While campers look for these opportunities in obvious mediums–like sports and competitions–educational success is a little trickier. It is certain that students look for success and justification through grades, but there is so much more to education. My job as a teacher goes beyond the physical traits of hard work through deciding a grade (which is little, if anything, more than a squiggle on a piece of paper). I must create success and growth opportunities for them through exciting lesson plans, where they can create and show off to each other in a fun and academic setting. I must also be an intellectual role model for my students, teaching them that it is cool to be able to understand Shakespeare, or teach them that it is not dorky to know all fifty states in alphabetical order. By being a teacher, I will need to teach my students about general literacy, but more than that, I will teach them what it means to be a human being. By being a good student now, fortunate enough to share my education with fantastic professors in college, I am convinced that I, too, will make a good teacher.
The teachers I have had the opportunity to study with have gone out of their way in order to teach me to grow up. I have learned valuable facts and morals from a variety of textbooks and novels. I can calculate my tax and tip when I go out to dinner. I can watch the news and analyze the situations between the biased journalistic words and between the real facts that took place. I know what I wanted to learn as a student, and I am excited to give to the younger generations what I have always craved. I have learned that boring lectures, with long unnecessary vocabulary words are a waste of everyone’s time, so I can’t wait to find mediums of art, role-play and music to express my lessons.
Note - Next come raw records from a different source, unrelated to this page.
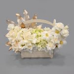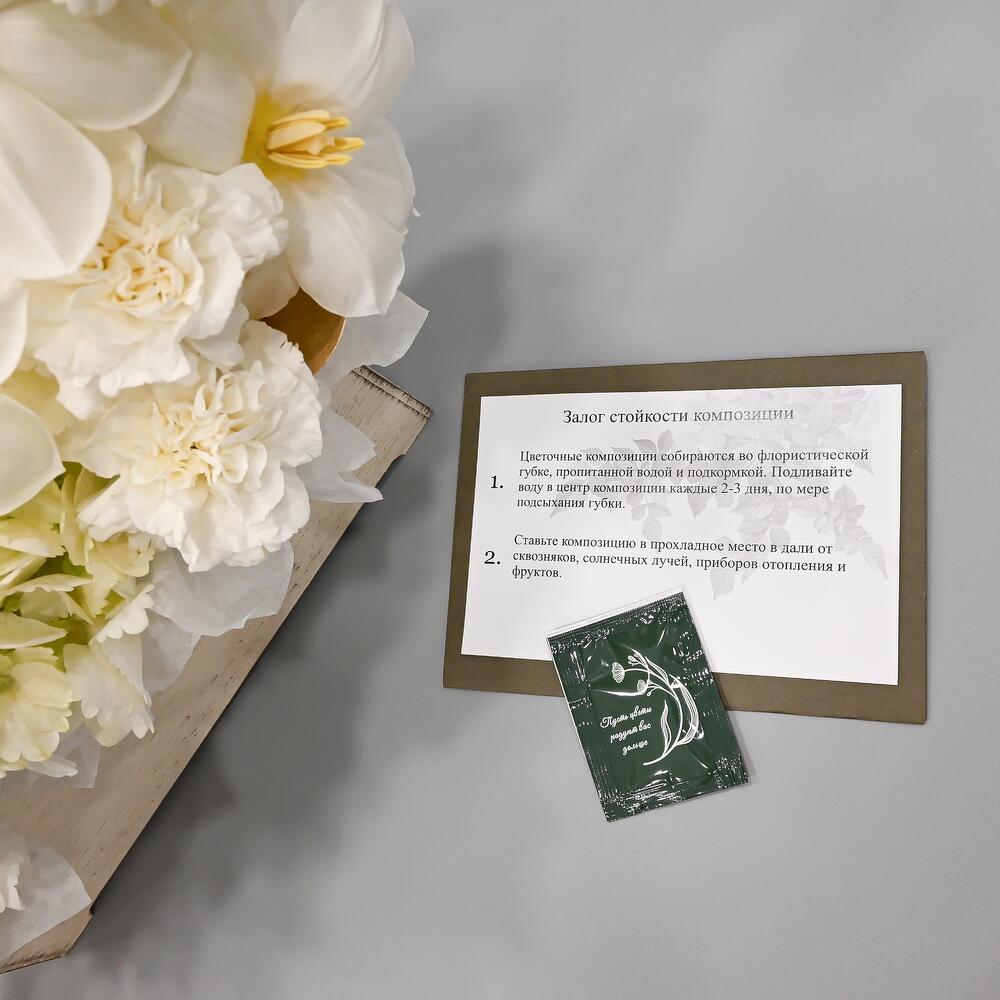 Французская роза – 3 шт.Эустома – 4 шт.Гвоздика – 7 шт.Тюльпан – 3 шт.Гортензия – 1 шт.Рускус – 5 шт.Аралия – 1 шт.Тишью – 2 шт.Ящик деревянный – 1 шт.
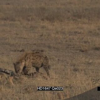 Black- backed jackal sneaking scavenging steal peace of scrap from Spotted Hyenas feeding on carcass remains
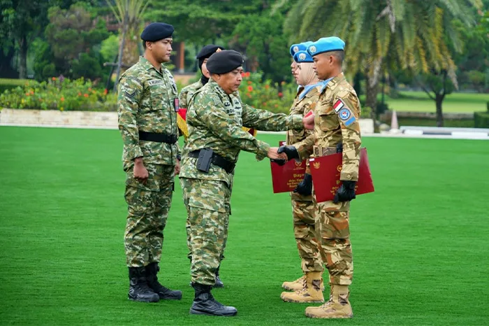 Satuan Tugas Maritime Task Force (MTF) TNI Kontingen Garuda (Konga) XXVIII-P UNIFIL TA. 2024/2025 menerima penghargaan Satyalencana Santi Dharma setelah mengemban misi perdamaian di bawah Perserikatan Bangsa-Bangsa (PBB).
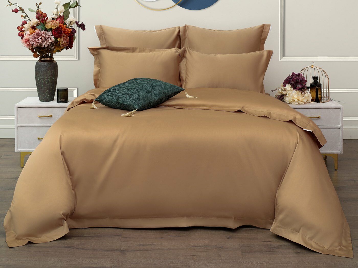 Натуральный состав из 100%-го хлопка обеспечивает гипоаллергенные свойства материала, он охлаждает в жаркую погоду и согревает в холодное время года. Мако-сатин плотностью 300ТС- является тканью класса люкс.

I know that I am going to treat my students, as I have always wanted to be treated–with respect, with faith and with dedication. I was never given up on by the system or by my teachers, and I have no intent of giving up on it.
It is really incredible to sit back and think about the fact that through nothing more than life experiences I feel confident to teach others. Each experience I have lived has taught me something that I am yearning to teach. Time management, community relations, creating opportunities, seeing the big picture and realizing the fundamental value of education for education’s sake have been the most paramount keystones of my young adult life. I hope to continue to learn, to continue to grow and to continue to feed off of my teachers and my environment.